3) E finalmente, destacamos o lançamento, por parte da Petrobras, das oportunidades para aquisição de campos terrestres sob sua concessão. A iniciativa de vendas destes ativos, além de permitir a Petrobras arrecadar recursos, trará massa critica a produção das empresas independentes, com possível entrada de novos operadores e obviamente novos investimentos que resgatarão o déficit de investimentos acumulados nos últimos anos que geraram perdas de empregos, geração de tributos e rendas em regiões tão carentes do pais. Dados conservadores indicam, que estamos diante de uma oportunidade de geração de empregos da ordem de 200 mil empregos (diretos e indiretos), quase R$4 bilhões de Royalties, cerca de R$6 bilhões investimentos.

Em Fevereiro de 2016 a Petrobras fez um lançamento de um 1o lote de 10 polos com 104 concessões sendo 95 de campos em terra, 03 em águas rasas, e 06 concessões de blocos exploratórios em terra e uma produção total de cerca de 36.000 bbd. Devidos a vários fatores, esta licitação não prosperou. Foi feito então um relançamento dividindo este 1o lote em dois processos com 3 e 5 polos, respectivamente. Não obstante, e apesar de já transcorrido mais de 02 (dois) anos do lançamento inicial ainda não foi concluído e estima-se que ocorra no 2o semestre de 2018 e recentemente no meio do processo apos o encerramento da fase vinculante, sem nenhuma explicação ao mercado foi retirado o polo de Buracica Por outro lado, lançado em Maio/2017, a venda do campo de Azulão foi concluída recentemente, num processo de venda similar, sendo um pouco mais simplificado.

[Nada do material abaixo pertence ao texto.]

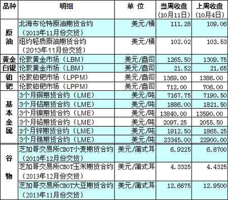 國際大宗商品期貨價格明細表[2013-10-14]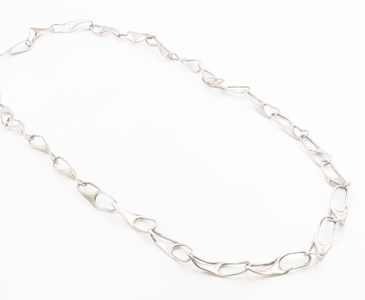 925 Sterling Silver Vintage Necklace BRUNEL Sculptural Link Chain NE4881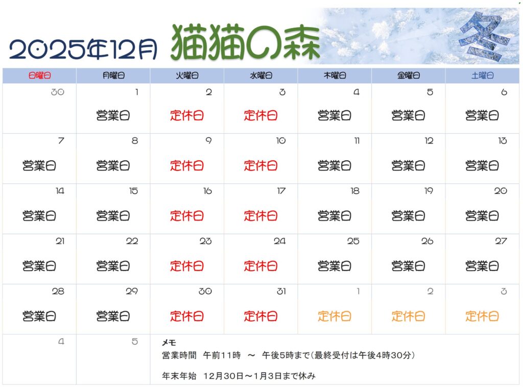 営業カレンダー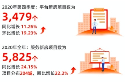 在房源端,房多多側重與重點開發商和項目保持深度合作,通過在SaaS產品中設置智能化盤源分級以及商戶、項目地圖,實現盤源精細化管理。第四季度,房多多進一步加強與全國百強房企的合作,平臺新房項目數為3,479個,同比增長11.26%,環比增長19.23%。2020年全年,平臺新房項目數為5,825個,較2019年同比增長24.15%;項目分布于全國204個城市,城市覆蓋數較2019年同期增長22.2%。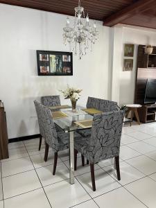 Klimatizovaný prázdninový dům v Casa para COP 30 má 2 ložnice, TV s plochou obrazovkou, jídelní kout, kuchyň s lednicí a obývací prostor.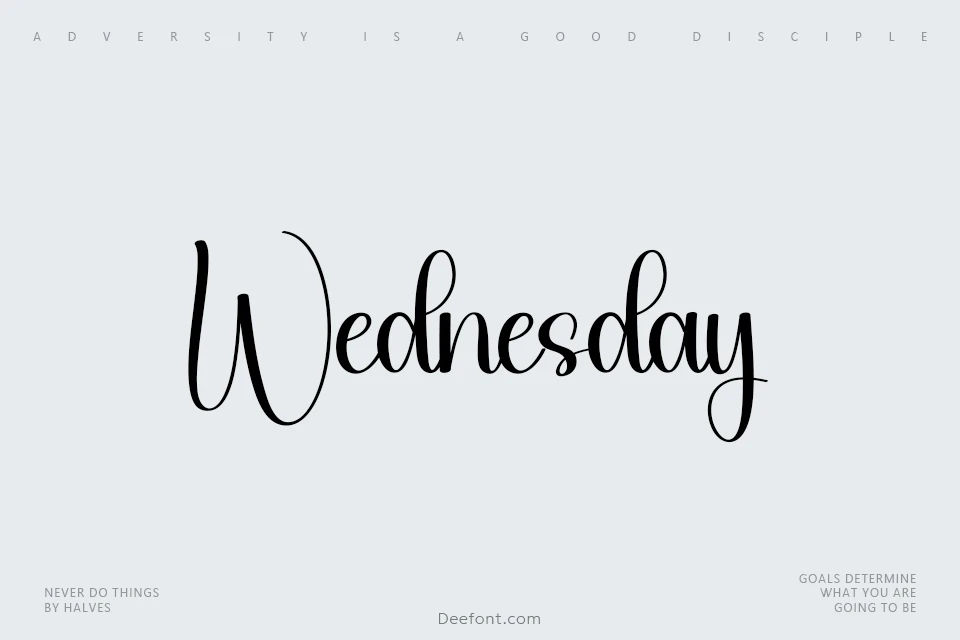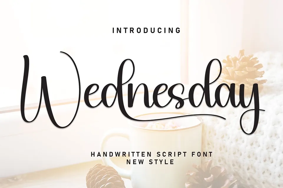 Wednesday Calligraphy Font is a relaxed, cursive, and gorgeous handwritten script font. Its elegant and stylish strokes make it perfect for wedding invitations, thank you cards, quotes, greeting cards, logos, business cards, product packaging, and any project that needs a handwritten touch. With its timeless and versatile design, this font brings a charming, personal feel to both digital and print creations.

Estas iniciativas têm alto impacto estruturante e o Pais precisa enfrentar as dificuldades de cada uma delas e equacionar soluções urgentes, especialmente, para a oferta de campos terrestres.

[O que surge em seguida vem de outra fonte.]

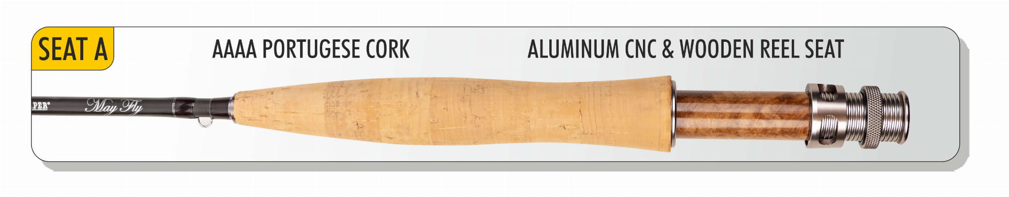 Rękojeść z portugalskiego korka klasy AAAA zapewnia doskonały chwyt i komfort nawet podczas wielogodzinnego łowienia. Uchwyt kołowrotka z aluminium CNC, osadzony na egzotycznym drewnie, podkreśla prestiżowy charakter wędki.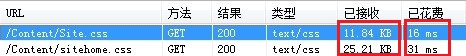 在 ASP.NET MVC 4 中可捆綁多個(gè) css 和 js 文件以減少HTTP請(qǐng)求,并對(duì) css 和 js 文件進(jìn)行壓縮(縮?。?,這樣可提高網(wǎng)站的加載速度。我們選取博客園的 css 文件來(lái)看看,在 ASP.NET MVC 4 前,我們引入 css 方法如下:

A ABPIP sempre defendeu que os ativos terrestres deveriam ser objeto de uma estratégia governamental que maximizasse o seu potencial sócio econômico, historicamente subutilizado.

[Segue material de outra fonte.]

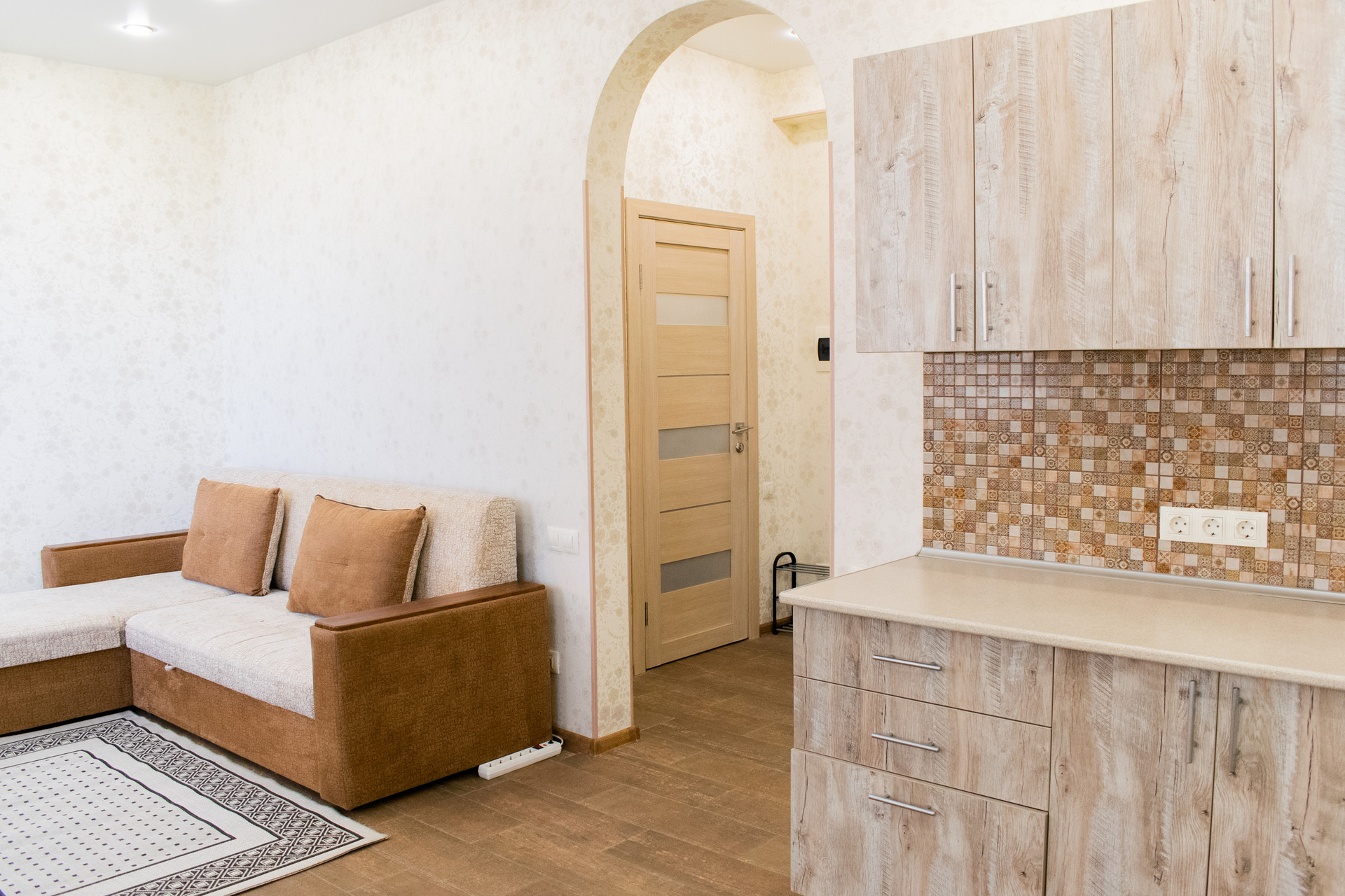 Квартира светлая и просторная. Можно разделить студию перегородкой для деления квартирного пространства на несколько комнат.

Para mudar esta realidade urge que os processos de venda dos campos terrestres da Petrobras, sejam agilizados e dentro desta ótica nos da ABPIP defendemos que, uma das maneiras de recuperar parte deste tempo perdido, é licitar estes campos é através da ANP, com o seu consagrado modelo que sempre fez com que todos os leilões que realizou transcorresse normalmente, com sucesso e celeremente concluído.

Somos otimistas, cremos e defendemos que a lógica econômica, prevalecerá para otimização da exploração e desenvolvimento das bacias terrestres brasileiras com um mercado plural com empresas de diversos portes e expertises convivendo e complementando a arquitetura a arquitetura do mercado de P&G nacional.